Then came my first Quiz Mastering-"Test Your Common Science",which happened suddenly...A friend of mine was the catalyst who hosted it with me,we together put up a good show....The response was overwhelming,i was flattered, i realised a new dimension of my personality....
The second quarter gave me another surprise...This time the college fest...I was made the Head of the Tech committee...I didn't realise the amount of responsibilities i'd have to carry out...But, i realised them soon and delivered what was expected of me...I also hosted a Tech Quiz-The Opera of Grey Matter and the Tech Paper Presentation as a part of the fest...
Simultaneously,there was another "first time for me" happening...I was rehearsing for my first ever dance show...Few of my classmates who were just acquaintances became friends...I danced....Yes,but not actually dance,atleast a try...
Then,i got into SASKEN,one of the companies i really wanted to get into due to few reasons....First,its an Indian Company,second its a good place to work...
Finally,my 6th semester ended...I was conscious that i had drifted away from my academics...I didn't want people to point at me and tell that i had switched modes...So,i put in a bit more efforts towards the end and i had a jump of about 5% from my 5th semester marks....The best part was,i got the results on my birthday...
Till then, work had been very tight and demanding with extra working hours,less no.of lectures,more of gypsying(if u wanna call it so)...But then, i made two new friends...I hope they're gonna come a long way with me in my life...Had real good times and times i wanna forget with them.....
The third quarter ended with the Best Team Award for team STUDSAT(satellite team) in The International Astronautical conference,Scotland....I'm one of the team members....While this was going on i was hosting An interesting competition called THINK TANK in college...
Then,i got into a new stream of thinking by indulging myself into Open Source Software and the Free Software Movement...Its Still going on...It is something which i'm really proud to be a part of...Cos,it works on principles and how you live wth those ...
This was followed by Our Paper,which i presented at an International conference organised by ISRO in Chennai,which won the Best Paper award...And subsequently i was awarded the Best Student Award from ISTE(not related to STUDSAT)....
Now, i'm ending my year with my 7th semester exams...I've given a decent and steady performance in these exams also....
I had loads of fun by the way...Another pleasant surprise of 2008 was 7 new albums from ARR and one from Bryan Adams.....It was like icing on choco cake to me....I Hope that 2009 is much better...
And i wish you all a happy and gratifying 2009...

26 December, 2008

A Baby's day out with my belt

Yup... Back after a long time.

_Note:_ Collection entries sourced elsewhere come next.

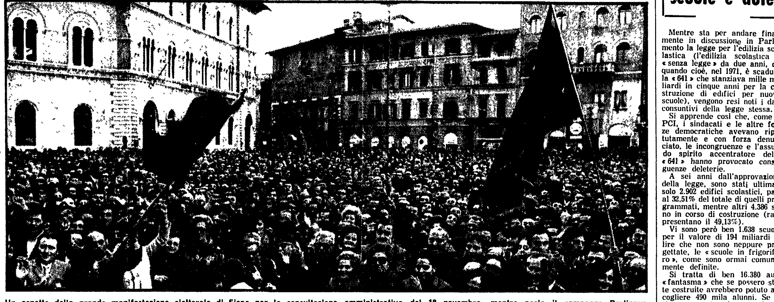
Un aspetto della grande manifestazione elettorale di Siena per la consultazione amministrativa del 18 novembre, mentre parla il compagno Berlinguer

BOLOGNA, 12. Nel corso della seduta del consiglio provinciale di Bologna è stato annunciato ufficialmente che una delegazione della martoriata provincia sudvietnamita di Quang-Tri (gemellata di quella bolognese) giungerà nel capoluogo emiliano mercoledì 14.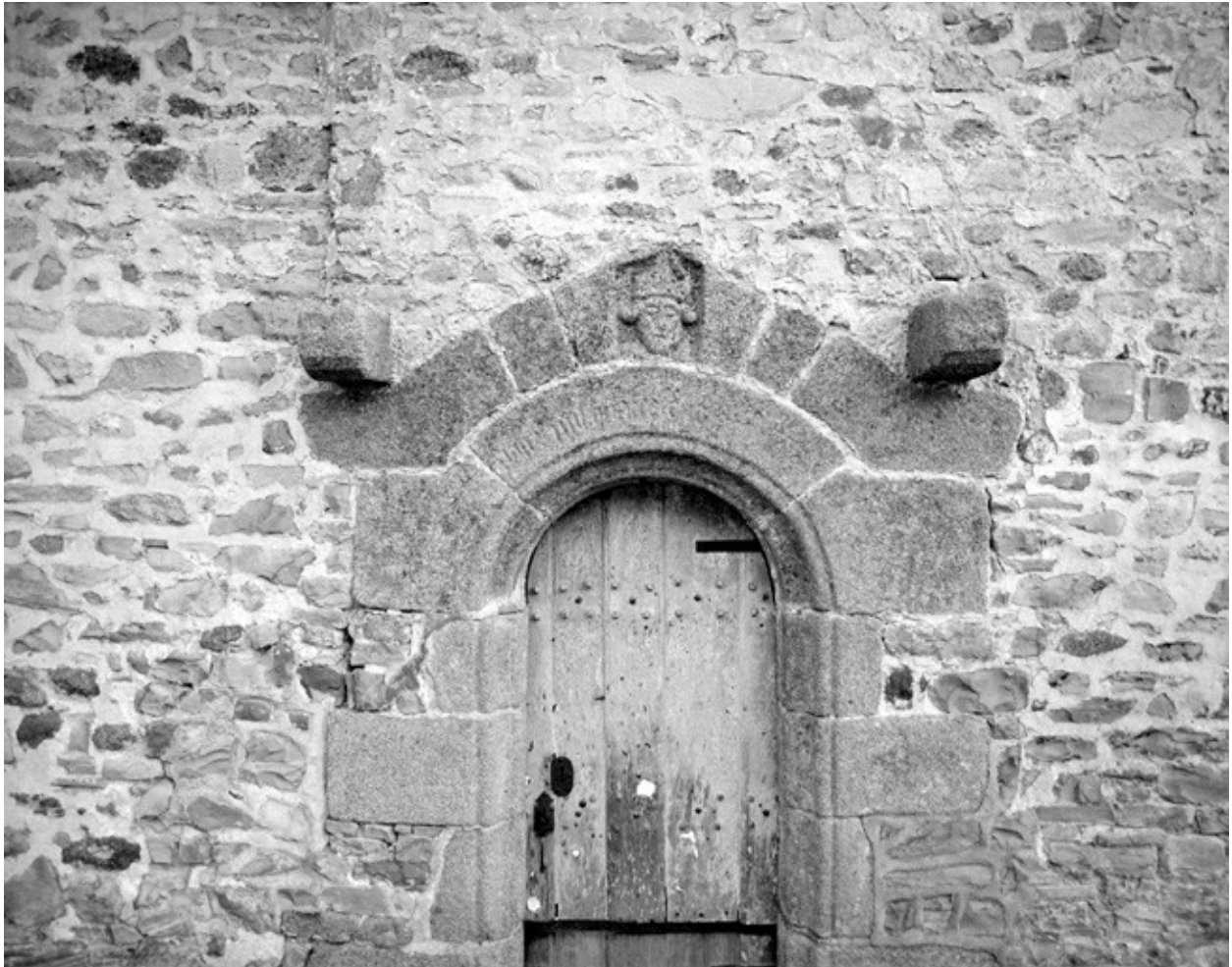
Elévation Nord, porte : détail de l'inscription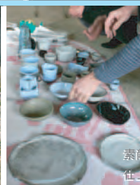
素敵なお色に 仕上がりました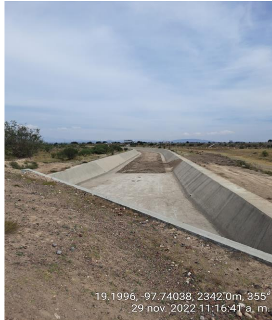
SECCIÓN DE CANAL SIN ESCOMBRO NI MATERIAL VEGETAL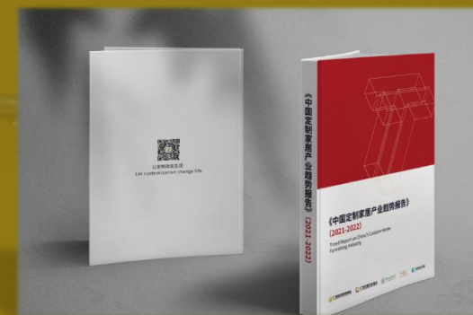
中国定制家居产 业趋势报告发布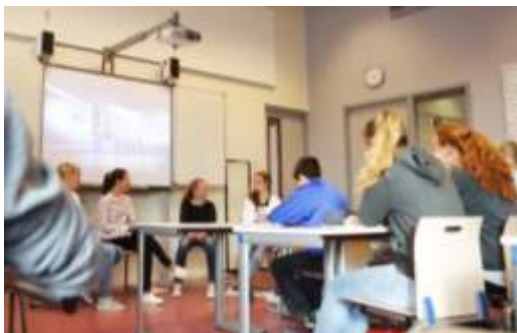
تصویر ۶ کلاسی با چیدمان مناسب ارائه کلاسی (ISW Hoogeland) (منبع: New School designs, 2012)

تصویر سمت چپ The Harkness Table, College Preparatory School, Oakland, California (منبع: New School designs, 2012)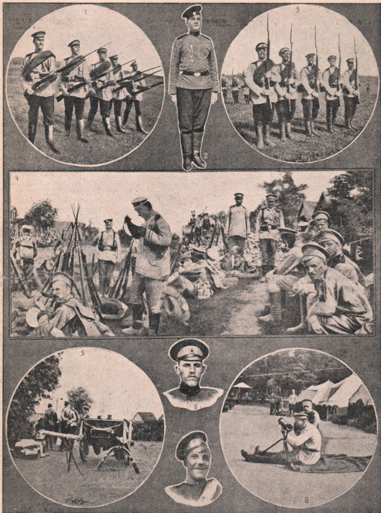
Vederi din armata rusească: Chipul de sus de sub 1. ne arată infanteria rusească, înarmată cu pușcă cu repetiție, dar cu baionete mai lungi ca ale puștilor noastre. — 2. Soldat rusesc în starea „drept!” („haptac”). — 3. Infanteriștii făcând salutarea cu arma. — 4. Vedere din tabăra rusească, în vreme de odihnă. — 5. Trăsura de cărat hrane. — 6 și 7. Tipuri de soldați ruși. — 8. Ofițer spionând depărtările cu ochianul.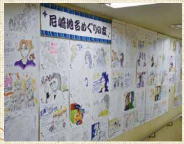
市役所にはファンのみさんのイラストがずらり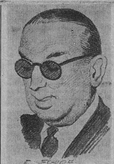
Ghavam es Sultaneh

Ghavam Sultaneh fué nombrado primer ministro en el mes de enero del presente año, después de una vida política verdaderamente tempestuosa, que le ha llevado des-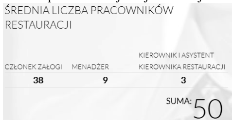
Wykres 1: Struktura pracownicza jednej restauracji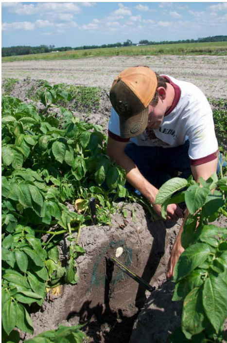
Figure 2. Riego por goteo subterráneo (SDI) para las patatas en Hastings, Florida.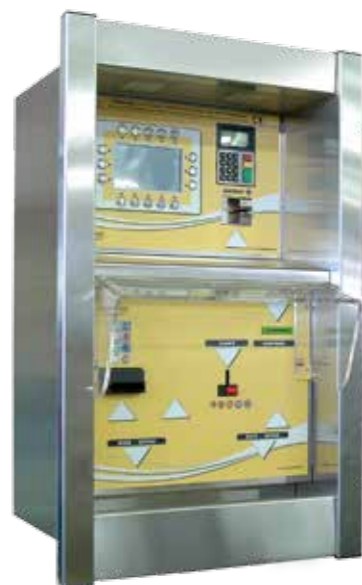
Self Service Top Line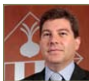
Josep Ayuso Portaveu del Govern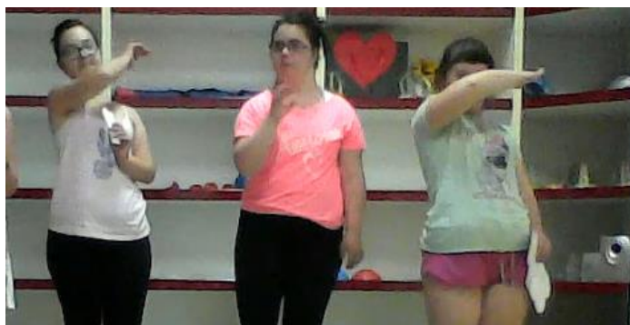
Slika 20. Putnici gledaju lijevo-desno gledajući jesu li pobjegli

Hodanje putnika također je bilo već dobro uvježbano. Kod pojave zmije došlo je do jedne nove jako dobre izvedbe. Jedno dijete je to odlično prikazalo pokrećući ruku u svakom zglobu u svim smjerovima u kojima je moglo. Isto to dijete je još neko vrijeme nastavilo glumiti zmiju dok sam govorila da su se putnici uplašili i krenuti bježati od zmije. Nakon što su putnici odglumili kako su se umorili od trčanja pala mi je na um ideja da bi se mogli osvrnuti lijevo – desno te iza sebe kako bi vidjeli jesu li pobjegli od zmije (slika 20).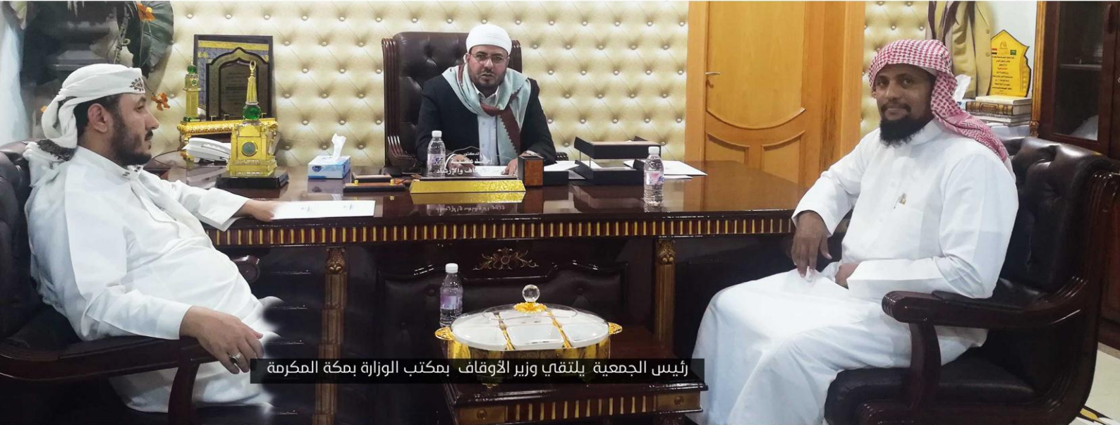
رئيس الجمعية يلتقي وزير الأوقاف بمكتب الوزارة بمكة المكرمة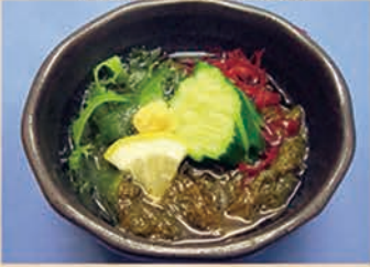
もずく酢 228円 +税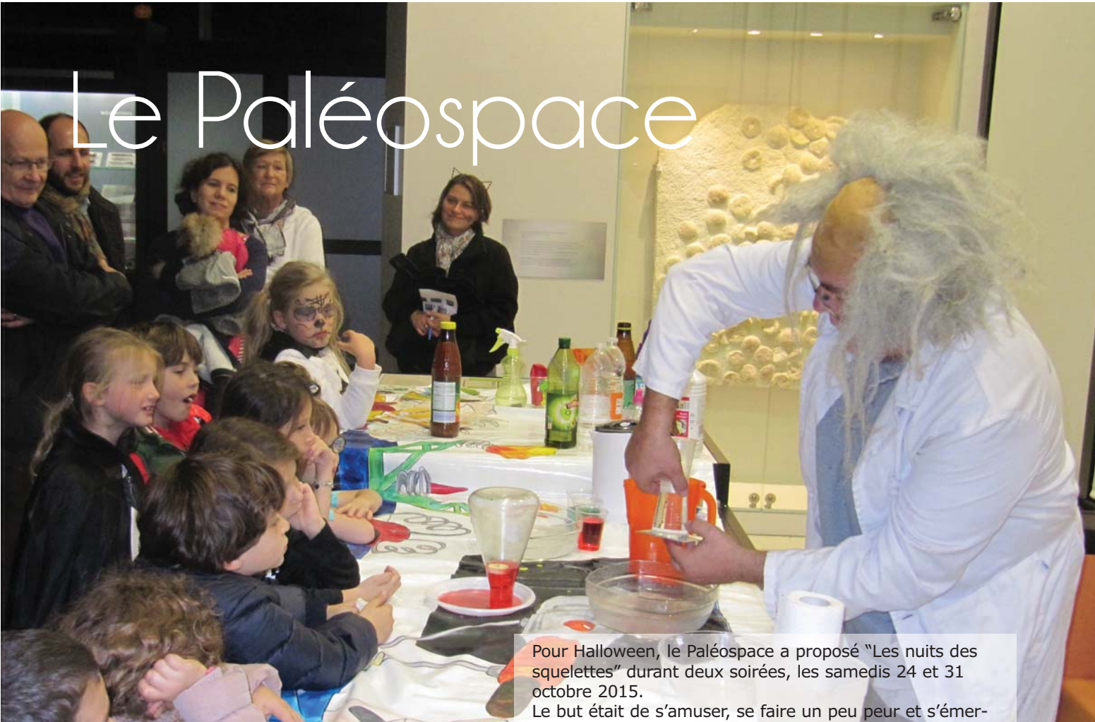
Pour Halloween, le Paléospace a proposé "Les nuits des squelettes" durant deux soirées, les samedis 24 et 31 octobre 2015. Le but était de s'amuser, se faire un peu peur et s'émerveiller à la découverte de la "magie" des sciences.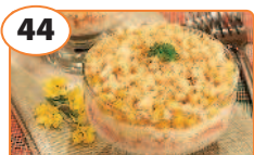
44 Салат «Крабик»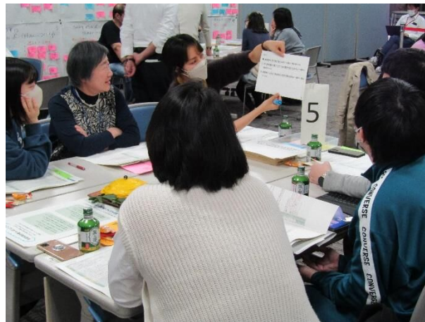
グループでの意見交換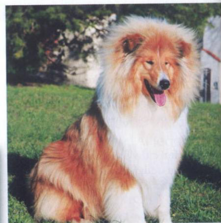
JCh Enigma Empress du Clos de Seawin

Miluje svoju rodinu doslova celým svojím srdcom. Kvôli svojej svedomitosti, lojálnosti a citlivosti je ideálnym rodinným psom. Je však vhodná pre každého, kto ju zodpovedne vie a chce prijať.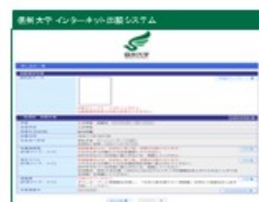
①申し込み一覧の画面(※)から 写真のアップロード をクリック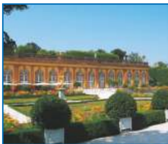
Untere Orangerie im Schlossgarten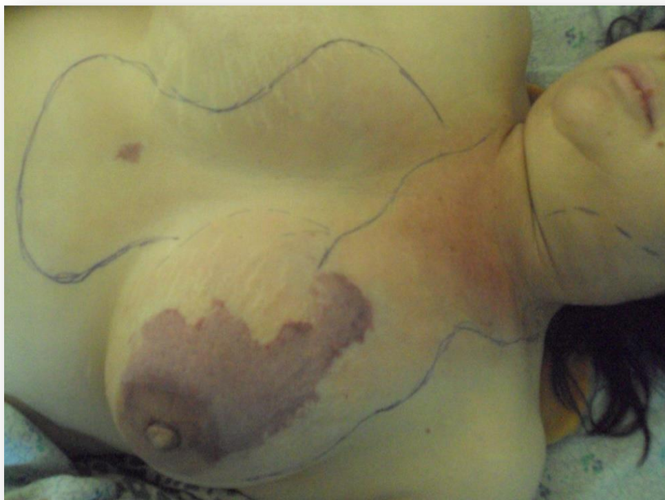
Рисунок 2. Границы выявленных измененных тканей (выделены маркером).

Границы уплотнения захватывают ткани грудины и переходят на боковую поверхность шеи слева. При этом визуально ткани не изменены. Характерных признаков воспаления не выявлено. Отмечалось увеличение шейных и подмышечных лимфоузлов слева. Правая грудь без особенностей.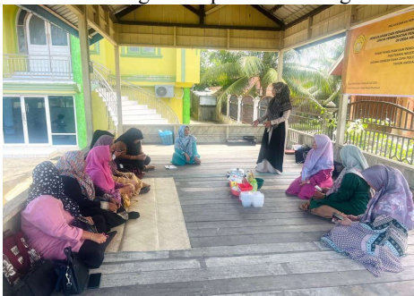
Gambar 2 Pembukaan Pengabdian Masyarakat

Berikut adalah gambar pembukaan kegiatan.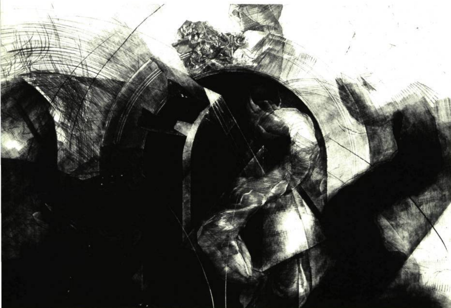
Dyptique sans titre, 1990. Manière noire, Burin et pointe sèche.

C'est ce que nous avons pu constater à l'occasion d'une de ses récentes expositions (1) . Couvrant une période allant de 1985 à 1992, les gravures présentées faisaient état de transformations que l'artiste a su imposer à la technique pour le plus grand bénéfice de sa création.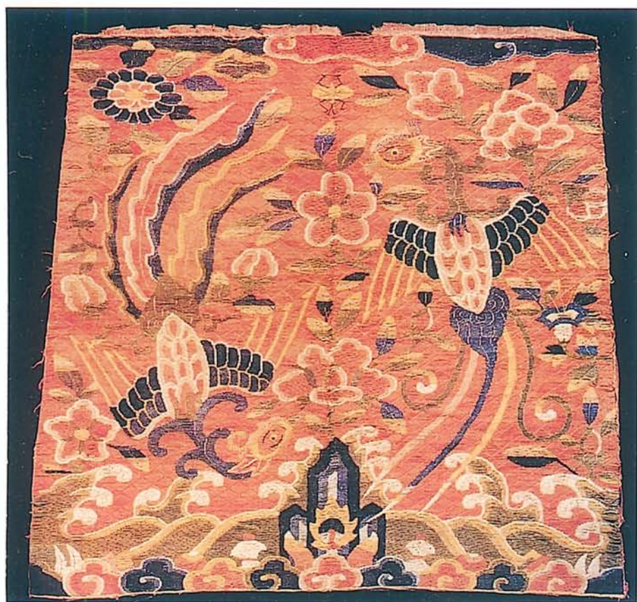
圖七·明代刺繡鳳凰補子，紅色背景是以納繡針法繡成菱紋地，此技法僅見於明代補子，不見於清代。（出自《錦繡羅衣巧天工》頁二六七）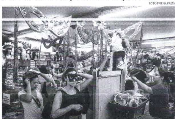
Carnaval de 2023 deve gerar novos postos de trabalho em diversos segmentos do mercado, principalmente o turismo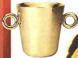
Secchiello champagne "Double O" GHIDINI 1961 1.360 euro.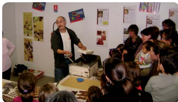
Des rencontres autour de spectacles vivants.

La Communauté de communes et les communes de Cassen, Goos, Hinx et Poyanne financent ensemble le poste de l'animatrice du réseau. La Communauté de communes contribue au financement des animations proposées, notamment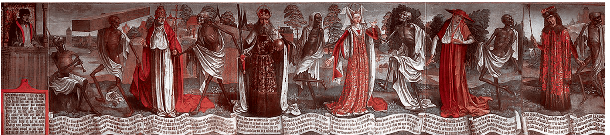
Бернт Нотке. Пляска смерти. 1475–1499 гг.

I had had time to blog but nothing interesting to say. Then i started thinking,why didn't i have much to say. It is because i'm not interacting with many people as i would do before. Lesser the no.of people you meet,fewer are the interesting things happening around you. It is actually enlightening(to some extent) and fun to see people in different situations.

But,today something really cute happened while i was in bus. I was standin near a seat,where a toddler was on his dad's lap. He started to play around with my belt which was hanging out of the loop,it was hilarious... The kid just held on to the belt for long time,meddling with it. I was having fun with that kid,unaware of the people around me. We both-the kid and myself didn't bother about the people around,but i think his dad felt slighty embarassed... Then i had to get down,and the baby's face had a late realisation that his ad hoc toy was gone.

18 December, 2008

Are we certain of the path we've tread on?

Sometimes i wonder, what if there is a fundamental flaw in our understanding of everything....What if our basic perception of things is incorrect. For instance, what if the value given to 'zero' is wrong,as every other creation by us is directly or indirectly dependent on it everything else will be flawed. Or what if our perception of infinity is wrong....And many such questions......
What if we have been surviving on a masked flaw,making us believe everything is accurate. I know that different things have converged many a times to prove that we are right. But what if even this has been a ratification of this flaw.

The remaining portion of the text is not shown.